Cuban President Raul Castro (2-R) and US President Barack Obama (L) shaking hands as Castro's grandson and bodyguard Raul Rodriguez Castro (2-L), Cuban Foreign Minister Bruno Rodriguez (C) and United Nations chief Ban Ki-moon (R) look on, moments before the opening ceremony of the VII Americas Summit, in Panama City on April 10, 2015.
AFP/Getty Images
By Karl Vick
April 10, 2015

The pivot to Asia may not have worked out terribly well, but spending spring break in Panama City turns out to be a welcome change of pace for President Obama. Every president says he’s going to pay more attention to Latin America, then ends up taking the region largely for granted while immersed in tar babies like the Middle East, which re-asserted itself with a vengeance after Obama’s heralded 2013 attempt to spend more time on China and Asia.

But the historic rapprochement with Cuba has brought breathless attention to, of all things, the Summit of the Americas, a largely ceremonial, traditionally moribund gathering of the leaders of the Organization of American States, the 35 countries of North and South America.
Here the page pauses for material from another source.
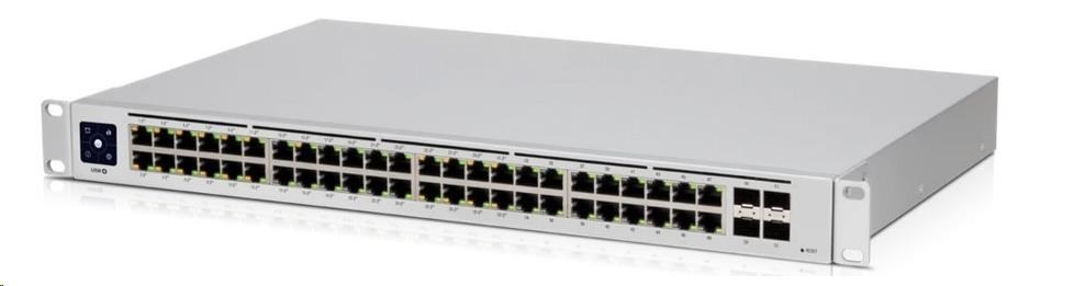 UniFi Switch Pro 48 is a fully managed Layer 3 switch with (48) Gigabit Ethernet ports. (4) 10G SFP+ uplinks offer link aggregation for higher capacity and increased availability.

The prospect of Obama shaking hands with Cuban President Raul Castro — realized at the Friday night official opening of the Summit, and confirmed by a statement from the National Security Council —made irresistibly personal the end of more than a half-century of official enmity, in a setting that let the entire hemisphere share the spotlight. (The White House confirmed on Friday that Obama had telephoned the Cuban leader.) Latin America may be staggering economically, and many of its prominent leaders tattooed by corruption scandals, but this weekend, at least, no one was pretending there was anything even remotely bigger at hand on foreign policy than the reunion of Washington and Havana.

The opening with Cuba animated the otherwise bland presentation to CEOs that was Obama’s first event in Panama City. “We want to congratulate you on your policy towards Cuba,” the moderator told the American President, to a round of applause. Obama himself seemed caught up in the energy at his next event, a speech to civil society groups. “I’m pleased to have Cuba represented with us, for the very first time,” Obama said, of Havana’s presence at the summit, from which it was barred (at Washington’s insistence) between 1962 and 2009.

He then delivered an ardent appeal for ordinary citizens to involve themselves in public policy, citing his debt to the American civil rights movement for the changes that led to his own historic election. Obama brought up Cuba again, asserting that the U.S. goal was not to “impose” change on the island but to empower Cubans to improve their own lives.

The loudest applause, however, followed Obama’s statement that, “The days in which our agenda in this hemisphere so often presumed that the United States could meddle with impunity, those days are past.” As the applause continued, he held up a finger. “But we have to be very clear,” he said, that U.S. support for groups who “spoke truth to power” should be viewed as altruistic rather than hegemonic. “We have a debt to pay, because the voices of ordinary people made us better,” Obama concluded. “That’s a debt I want to pay in this hemisphere and around the world.”

Resentment over the United States’ sometimes heavy-handed history in the hemisphere remains one of the engines of politics in the region. Anti-Americanism has proved a handy cudgel for leaders such as Nicolas Maduro, the embattled Venezuelan president who was a protege of the late, and much more effective Hugo Chavez. Venezuela has been a huge patron of Cuba, and Maduro arrived at the summit with a petition signed by several million Venezeulans protesting the threatening language in a recent Obama executive order imposing sanctions on Maduro officials implicated in abusing protesters and political opponents. Maduro’s first stop in Panama City was a memorial to the more than 500 civilians killed in the 1989 U.S. invasion of the city. He was greeted with chants of “Maduro, stick it to the Yankee!”

Just so the U.S. still knows where it is.